◆ INSTRUCTIONS TO FOLLOW: Below are records with pictures in them. Output exactly the lines from the one with "Dit is terug" through the one with "The hardcover book", both included, and leave every picture out; give only those lines.

◆ INPUT DATA:

<<<<

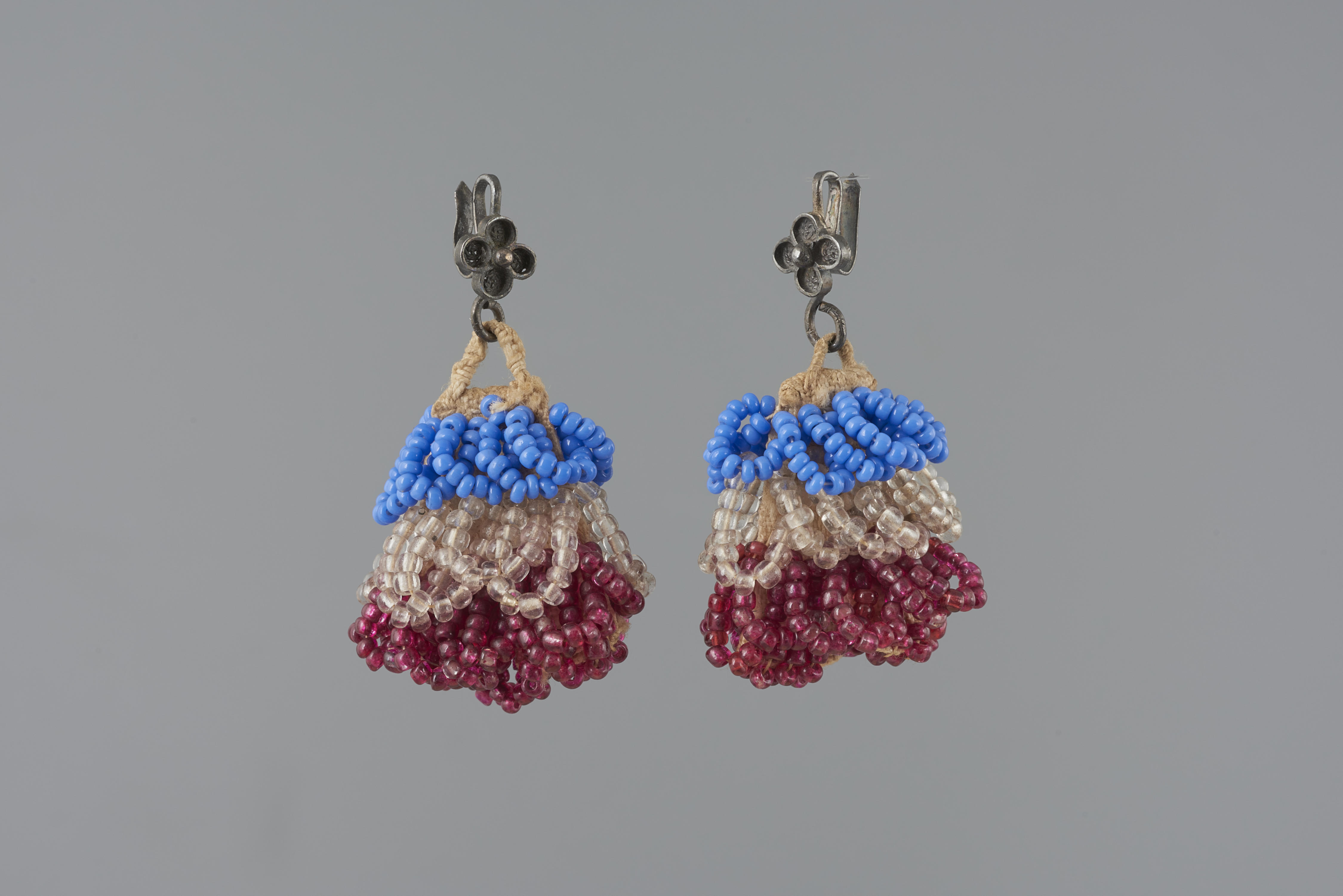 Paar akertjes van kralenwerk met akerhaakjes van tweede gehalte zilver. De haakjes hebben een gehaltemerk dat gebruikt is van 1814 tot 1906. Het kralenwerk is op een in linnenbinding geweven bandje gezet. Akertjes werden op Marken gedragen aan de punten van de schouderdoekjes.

>>>>
<<<<

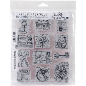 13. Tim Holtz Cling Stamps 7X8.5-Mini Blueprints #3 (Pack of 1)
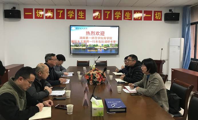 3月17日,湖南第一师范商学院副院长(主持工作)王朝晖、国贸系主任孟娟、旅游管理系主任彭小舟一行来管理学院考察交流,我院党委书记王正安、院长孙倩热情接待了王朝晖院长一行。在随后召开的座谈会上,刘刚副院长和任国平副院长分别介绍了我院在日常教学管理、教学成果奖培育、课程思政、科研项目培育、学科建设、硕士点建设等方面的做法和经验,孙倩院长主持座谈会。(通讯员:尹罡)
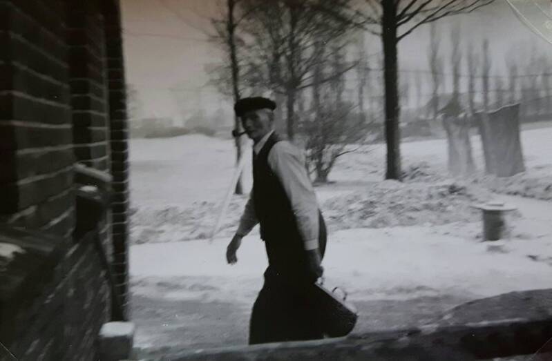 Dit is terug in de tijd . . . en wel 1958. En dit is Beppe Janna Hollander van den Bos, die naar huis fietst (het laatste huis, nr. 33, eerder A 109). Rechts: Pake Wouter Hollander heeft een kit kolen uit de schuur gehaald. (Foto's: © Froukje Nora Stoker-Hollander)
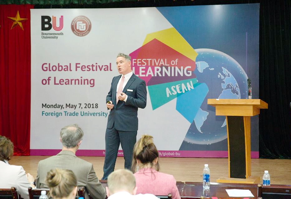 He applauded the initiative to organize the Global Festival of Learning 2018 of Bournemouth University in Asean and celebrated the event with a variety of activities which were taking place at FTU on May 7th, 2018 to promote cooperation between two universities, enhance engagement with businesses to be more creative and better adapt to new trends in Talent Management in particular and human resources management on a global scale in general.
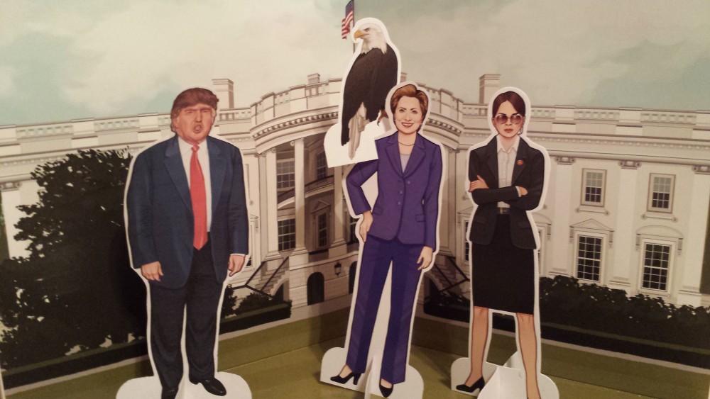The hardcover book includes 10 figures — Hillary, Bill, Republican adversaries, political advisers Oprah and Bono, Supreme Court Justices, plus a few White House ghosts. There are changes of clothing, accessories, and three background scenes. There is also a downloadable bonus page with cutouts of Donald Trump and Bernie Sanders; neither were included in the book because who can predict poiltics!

>>>>

◆ RESPONSE BOX:
 Dit is terug in de tijd . . . en wel 1958. En dit is Beppe Janna Hollander van den Bos, die naar huis fietst (het laatste huis, nr. 33, eerder A 109). Rechts: Pake Wouter Hollander heeft een kit kolen uit de schuur gehaald. (Foto's: © Froukje Nora Stoker-Hollander)
 He applauded the initiative to organize the Global Festival of Learning 2018 of Bournemouth University in Asean and celebrated the event with a variety of activities which were taking place at FTU on May 7th, 2018 to promote cooperation between two universities, enhance engagement with businesses to be more creative and better adapt to new trends in Talent Management in particular and human resources management on a global scale in general.
The hardcover book includes 10 figures — Hillary, Bill, Republican adversaries, political advisers Oprah and Bono, Supreme Court Justices, plus a few White House ghosts. There are changes of clothing, accessories, and three background scenes. There is also a downloadable bonus page with cutouts of Donald Trump and Bernie Sanders; neither were included in the book because who can predict poiltics!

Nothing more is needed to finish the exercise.